Outshined by those writers, Mr. Koppelman found himself on the management side of the corporate and was drawn to the business of music publishing: handling the work of songwriters and maximizing the earnings from those copyrights.

In a story Mr. Koppelman was keen on telling, he was at a music industry function early in his profession when he saw one group of executives, dressed plainly and nervously chain-smoking cigarettes — record company men, he was told. In one other a part of the room were the music publishers, wearing nice suits and contentedly having fun with cigars.

“That’s what I would like to be involved in,” Mr. Koppelman decided, as Brian Koppelman, a movie and tv producer who’s considered one of the creators of the show “Billions,” recounted in an interview.

In 1965, Mr. Koppelman and Mr. Rubin began a production company, Koppelman & Rubin Associates. They signed the Lovin’ Spoonful (“Do You Consider in Magic”) and worked with songwriters like Tim Hardin, whose song “If I Were a Carpenter” became a Top 10 hit for Bobby Darin in 1966, in a version that was produced by Mr. Koppelman and Mr. Rubin.

After the pair sold their company, Mr. Koppelman went to work at CBS. In 1975 he formed the Entertainment Company with the actual estate developer Samuel LeFrak and Mr.

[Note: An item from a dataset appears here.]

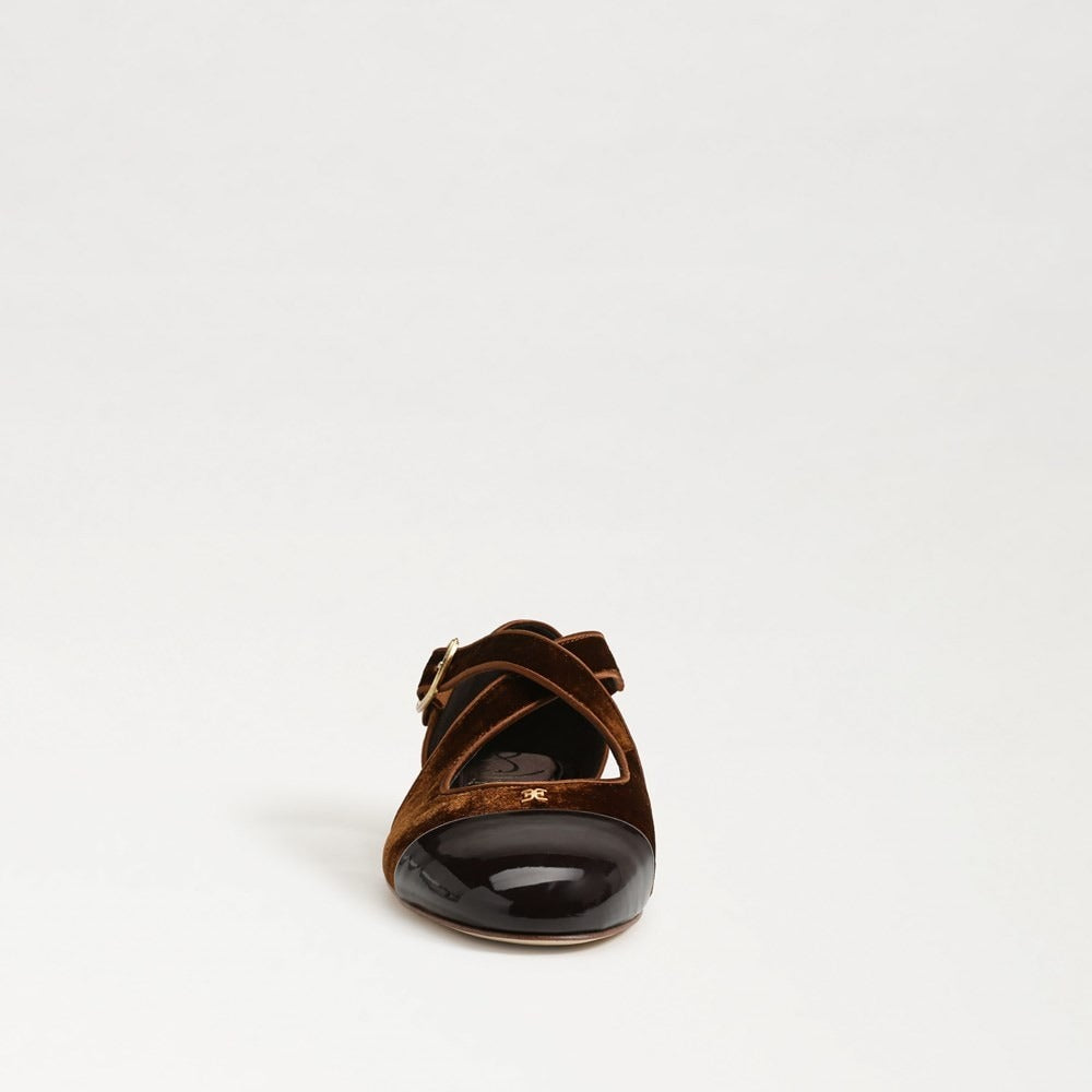 Take a moment to shine in the Roxie cutaway crisscross flat, finished with a brilliant contrast cap toe and mini block heel. The Roxie stands out when paired against masculine suiting pieces.

Bandier. Mr. Koppelman developed an in depth association with Ms. Streisand, serving as executive producer on a string of her albums within the late Nineteen Seventies and early ’80s.

In 1986, after Mr. Koppelman and Mr. Bandier had left their partnership with Mr. LeFrak, they teamed with Mr. Swid — an investor in furniture corporations, Spin magazine and the “21” Club — to purchase CBS Songs, the music publishing division of CBS Inc. Their recent company, SBK Entertainment World, took its name from the three men’s initials.

After they sold SBK to EMI, the music industry and Wall Street were atwitter over whether CBS had sold its publishing holdings for too little or EMI had paid an excessive amount of. Mr. Koppelman and Mr. Bandier joined EMI, and the corporate also established SBK Records as a three way partnership.

In 1985, while Brian Koppelman was a student at Tufts University, he saw Tracy Chapman perform at a coffeehouse and encouraged his father to sign her as a songwriter. He did, and Ms. Chapman’s debut album, released by Elektra Records in 1988, went to No. 1 and established her as a serious talent.

SBK quickly put itself on the pop map with Wilson Phillips and Technotronic (“Pump Up the Jam”). It also had an enormous hit in 1990 with Vanilla Ice’s “Ice Ice Baby,” which became the primary rap song to succeed in No. 1 on the all-genre Hot 100.

Though Vanilla Ice soon became a laughingstock when it was revealed that the gritty back story in his official SBK biography was fictitious, Brian Koppelman said his father never regretted releasing “Ice Ice Baby” and knew from the moment he heard it that the song could be a success.

Along with his son, Mr. Koppelman is survived by his wife, Gerri Kyhill Koppelman; two daughters, Jennifer Koppelman Hutt and Stacy Koppelman Fritz; a sister, Roz Katz; and 7 grandchildren.

Mr. Koppelman left EMI in 1997, and he got here to develop a specialty working with troubled brands. He was the chairman of Steve Madden Ltd. from 2000 to 2004, a period that included Mr. Madden’s conviction and sentencing for securities fraud. In 2004, the 12 months Ms. Stewart was convicted of obstructing a federal investigation into her stock transactions, Mr. Koppelman joined the board of her company, Martha Stewart Living Omnimedia. He served as the corporate’s chairman from 2005 to 2011.

For a time within the mid-2000s, he also worked as a financial adviser to Michael Jackson. In later years, Mr. Koppelman’s company, CAK Entertainment, negotiated brand deals for celebrities like Jennifer Lopez, Nicki Minaj and Adam Levine, and he was an adviser to the estate of Prince.

In interviews, Mr. Koppelman was often asked to elucidate his success, and his stock answer was that it was a mixture of smarts, luck and labor.

“Was I lucky that my son went to Tufts and heard Tracy Chapman?” he asked in an interview with Latest York magazine. “Was I lucky that the guy walked within the door and gave me the Lovin’ Spoonful? You bet I used to be. But I’m also a workaholic.”